Oh, and Curtis: one of the best things about high schools nowadays is that it’s usually easy for a motivated student to find a sympathetic teacher and organize a self-study course in their room during the period they don’t teach. My senior year I taught myself quantum instead of taking a science class (I had already taken all the ones available, anyway–modern schools are flexible, which allowed this to happen!) Do this, seriously. Might not be possible freshman year, but afterward for sure. You can study Ancient Greek and Latin and Sanskrit and whatever the hell you want to your heart’s desire.

Old fogies should learn to use a computer before they get up on their pedestals. My little 12yo brother can google circles around my mother. He speaks better Spanish than my father ever did (and that’s saying something). He’s in pre-algebra this year- two years ahead of my parents’ generation.

I suspect that before he gets to high school, he’ll be able to use MS Office suite as well as I could by college graduation. As for sciences, he’ll have had at least 2 years of advanced (post-primary school) classes in geology, physics, chemistry, and biology.
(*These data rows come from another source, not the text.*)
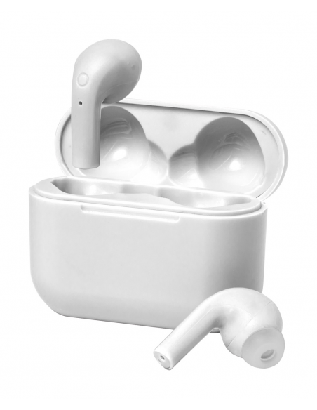 Active noise cancelling, wireless bluetooth earphones with hands-free call function in ABS plastic charger case. Including USB charger cable.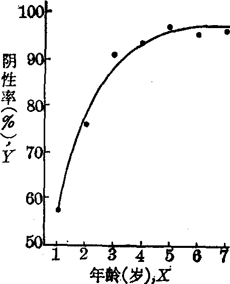 绘散点图见图2各观察点,对照图1,观察点呈图1Ⅰ型指数曲线形状,其方程形式为 lgY=a+bX, 因此Y取对数尺度,X取算术尺度,在半对数纸上绘散点图,得图3圈点。圈点尚未呈直线趋势,试取Y+5再绘图,得图3黑点,呈很好的直线趋势,故K=5。于是,按表1第(1)、(4)栏,各对X与y=lg(Y+5),用最小二乘法求直线回归方程。 图2 表1数据拟合指数曲线 图3 图2观察点的直线化 此方程的对数形式为 lg(Ŷ+5)=-0.1947+0.0159X, 其指数形式为Ŷ=10-0.1947+0.0159x-5,或 Ŷ= 0.6387(1.03729)x-5。 将X=60,80,100,120分别代入上式, 得各Ŷ,见表1第(5)栏。 以各(X,Ŷ)值绘点,连成曲线即图2的曲线。例2 某地1963年调查得儿童年龄(岁)X,与锡克试验阴性率(%)Y的数据见表2第(1)、(2)栏,试拟合指数曲线。 表2 拟合指数曲线(目测法)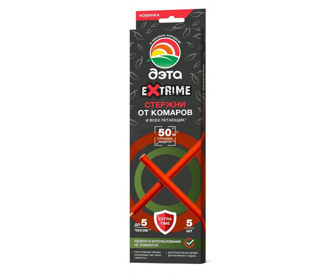 Стержни ДЭТА EХЕTRIME – дополнительное время для активного отдыха. Для тех, кто выбирает активный отдых, наполненный незабываемыми открытиями и яркими эмоциями. Именно для того, чтобы отдых на природе приносил только запланированные эмоции и адреналин, необходимо заранее задуматься о современных средствах защиты. Стержни эффективно и быстро справятся с насекомыми даже в местах их большого скопления, они удобны и просты в использовании, не ломаются и легко устанавливаются. Для обеспечения комплексной защиты во время активного отдыха рекомендуется использовать в сочетании со средствами индивидуальной защиты ДЭТА EXTRIME. Средства серии специально созданы для экстремальных условий, они имеют максимальную эффективность и длительность действия. Время полного сгорания стержня в отсутствие ветра – до 4 ч. Площадь защиты в сухую безветренную погоду - до 50м?. Способ применения: вскрыть упаковку, достать стержень, установить конец стержня в бутылку или воткнуть в землю на открытом воздухе (сад, приусадебный участок, беседки, открытые террасы, веранды, балконы), в помещении установить стержень в вертикальном положении на негорючую подложку. Стержень поджечь, через 30 с устойчивого горения пламя задуть. Средство размещать на расстоянии не менее 1 м от человека с наветренной стороны. Действие средства начинается через 10-15 мин после начала тления. В помещениях (склады, подвалы, домики рыбака, туриста, кемпинги, палатки) средство применяют в отсутствие людей. Норма расхода на помещение объемом 25 м? составляет 1ч тления стержня. По окончании обработки тлеющий стержень затушить. Площадь защиты одного стержня в сухую безветренную погоду - до 25м?. Для комфортного пребывания на открытом воздухе при большом скоплении насекомых рекомендуется применять не менее 2-х стержней. После применения вымыть руки с мылом.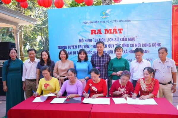 During the program, the District Women’s Union also launched a core group of 10 members to promote the Code of Conduct at places of worship. The group’s responsibilities include encouraging locals, buddhists, and visitors to follow Hanoi People’s Committee’s conduct guidelines, such as wearing appropriate attire, avoiding profanity, not bringing votive paper into temples, and maintaining cleanliness. Twenty families signed commitments to promote and practice public conduct rules, helping build civilized behavior at historical sites and expand the “Model Historical Sites” initiative to other locations in the commune.

From what I’m told, schools in the 50s and 60s didn’t teach you anything practical. They taught you knowledge that let you ‘fit in’ with the class of people that were doing the hiring. If you couldn’t cut it, you worked in the mill for the rest of your life. That’s nothing to envy. Today, kids learn the things that are useful in life, and for that, they get snubbed by those people that still think school’s purpose is to boost you up a social class.

And for those Luddites that find cell phones and the internet “distractions” that kids spend “too much time” on: Give me a question. Any topic. I’ll see if the 12yo can get you a comprehensive answer faster than the guy with the library and encyclopedias.

Many of them can’t even write coherent sentences in college without extensive remediation. I’ve seen college placement test essays littered with text/IM abbreviations (all writing is not equal, after all, but some don’t appear to know the difference).